Previous studies on respiratory viruses in South Korea over a long period have focused on the comparison before and during the COVID-19 quarantine system (15, 16, 17). However, our study is consequential because it provides findings regarding respiratory viruses before and after the implementation of control measures for COVID-19. However, further studies are needed to examine respiratory virus characteristics that have changed during the COVID-19 pandemic. For example, in the case of hBoV and hRV, whose detection rates have increased, unlike other viruses, during the COVID-19 pandemic, further research is needed to determine whether they show different genetic characteristics from previous epidemics.
However, the limitations of this study include the regional limitations of Gwangju and the fact that samples were collected from small hospitals and clinics. Our study offers valuable insights into the long-term trends of respiratory virus circulation in our region. However, a significant limitation lies in interpreting detection rates, particularly during the COVID-19 pandemic. During this period, diagnostic resources were predominantly allocated towards SARS-CoV-2 testing. Patients presenting with respiratory symptoms were often screened first for COVID-19, and if positive, further testing for other respiratory viruses may have been given lower priority. This likely led to an underestimate of the true prevalence of non-SARS-CoV-2 respiratory viruses. This phenomenon isn't unique to our study; similar trends have been observed worldwide, with a dramatic decrease in the detection of common respiratory viruses like influenza and RSV during intense COVID-19 activity (30, 31).
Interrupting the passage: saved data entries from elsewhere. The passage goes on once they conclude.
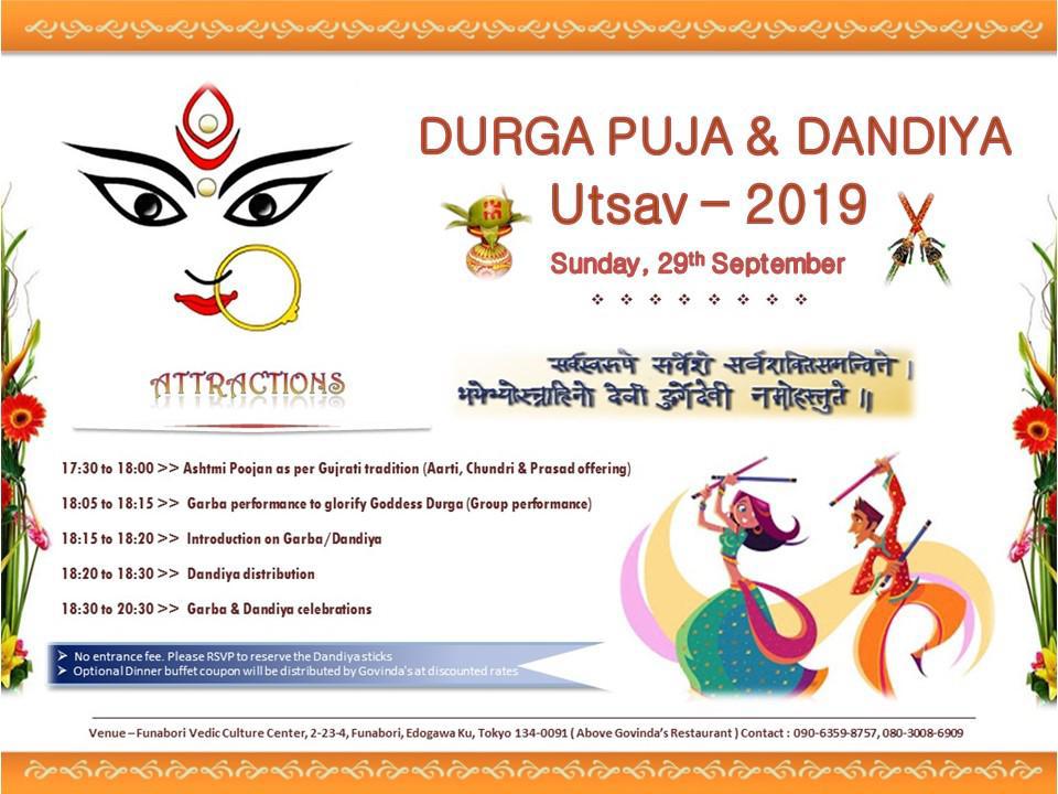 Dear Friends, Jai Maa Ambe! Jai Maa Durga! Following auspicious celebrations of Ganesh Chaturthi, we are now excited to celebrate Durga-Puja. Durga-Puja celebrations will be held on Sep-29 (Sunday), in VCC from 17:30 to 20:30. Please check the attached Chirashi for details. Cultural exchange: This shall also include cultural exchange program with our Japanese friends
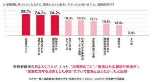 一方、約4人に1人の受験経験者は、「志望校のこと(25.7%)」「勉強以外の雑談や息抜き(24.7%)」「漠然とした不安(24.2%)」などについて、「もっと家族と話したかった」と回答しており、受験期の家族内コミュニケーションに認識のズレが垣間見られた。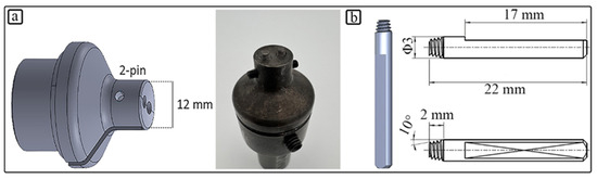 FSW was adopted in butt joint configuration and in the rolling direction on position control mode via a five-axis FSW machine (PTG Heavy Industries, Elland, UK) capable of producing 60 kN load force along the vertical axis, maximum torque of 160 Nm, 6000 mm/min feed rate, and 4000 rpm rotational speed. The welding tool was made from H13 tool steel and was heat-treated to the final 52 HRC hardness with 12 mm shoulder diameter and 3 mm diameter tapered threaded multi-pin (2-pin) geometry. The pin length and pin depth were 1.48 mm and 1.64 mm, respectively. The parameters were selected based on prior empirical knowledge and experience with the multi-pin tool. The tool shape and CAD model of the employed tool are given in Figure 2.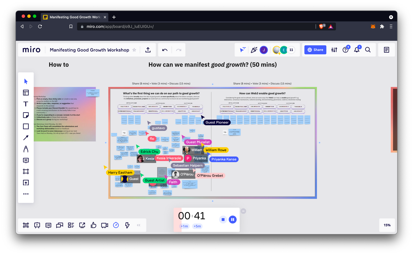 We're seeing this in the hive mind of PHLOTE, where people are solving UX and logo design problems. It's cropping up in the Discord stages everyday, where over 100 people in the community are collaboratively working together using tools like Miro, Figma, Googlesheets. And we're putting it into practice at Protein Community with a series of workshops, progressively defining Good Growth through continuous collective refinement.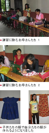 現金創出の手段として衣服やバック、小物類などが作れるようになるために、ミシン講習が実施されています。
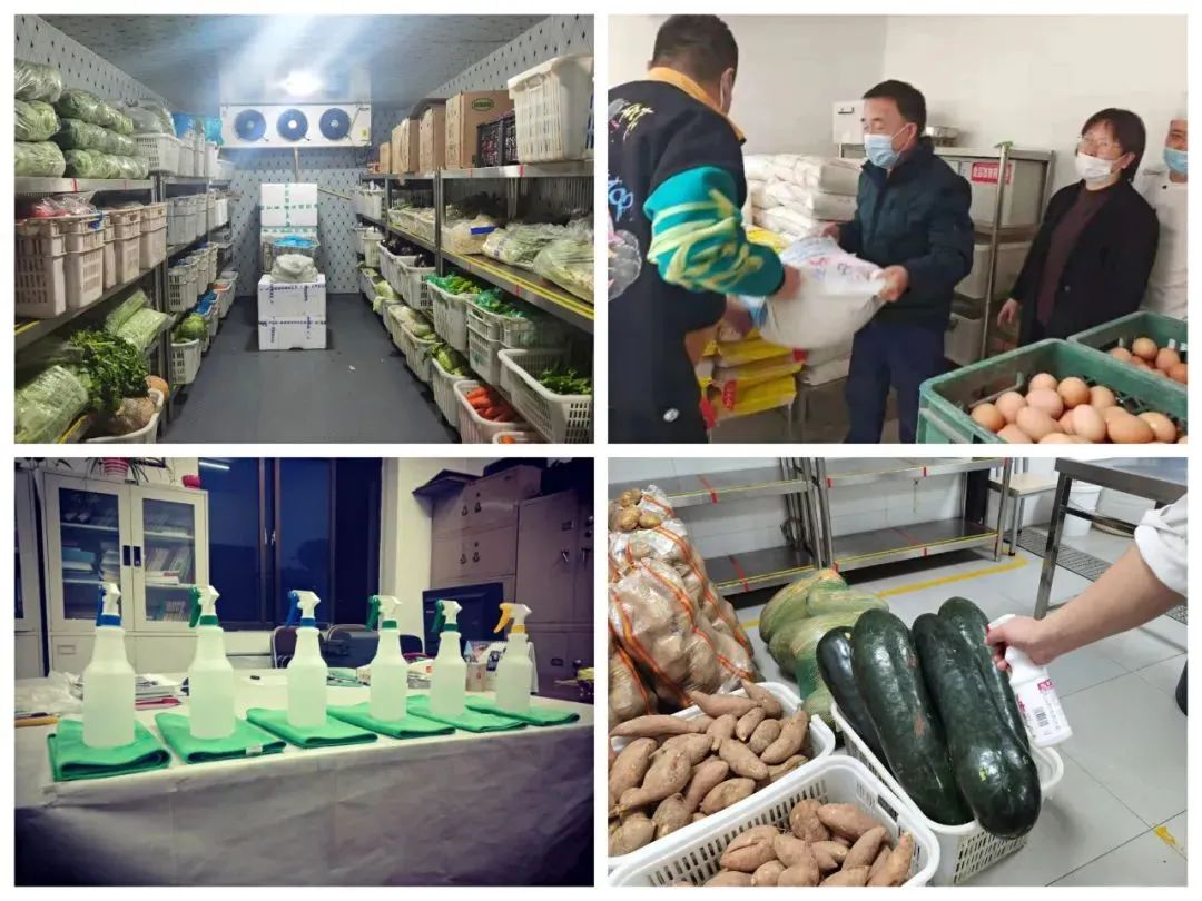 在學(xué)府等辦公區(qū)的儲(chǔ)藏室,“消毒液2000L、一次性餐盒23000個(gè)、口罩1500個(gè)、洗漱用品100余套、芹菜100斤、茄子300斤、土豆500斤、圓白菜500斤...”,工作人員正在認(rèn)真地清點(diǎn)核對(duì)采購(gòu)回來(lái)的各種物資。

While non-pharmaceutical interventions (NPIs) certainly played a role, the impact of these altered testing strategies on surveillance data cannot be overlooked. Therefore, when interpreting shifts in respiratory virus patterns observed in our data during the COVID-19 pandemic, the potential influence of diagnostic prioritization is a crucial consideration. The lower detection rates for non-SARS-CoV-2 viruses during this time may not solely reflect a reduction in viral circulation, but also arise from altered testing algorithms and reduced diagnostic throughput for other pathogens. Nevertheless, it is crucial to analyze the patterns of viruses that have been prevalent in a region for a decade to obtain fundamental data on the epidemiology of the virus.
In conclusion, the prevalence of respiratory viruses in the community showed a constant pattern, whereas the existing pattern changed owing to environmental factors, such as the emergence of new viruses. Therefore, we need to continue to examine future respiratory virus patterns, including post-COVID-19, to develop a better system of measures to prevent and control respiratory viral infections.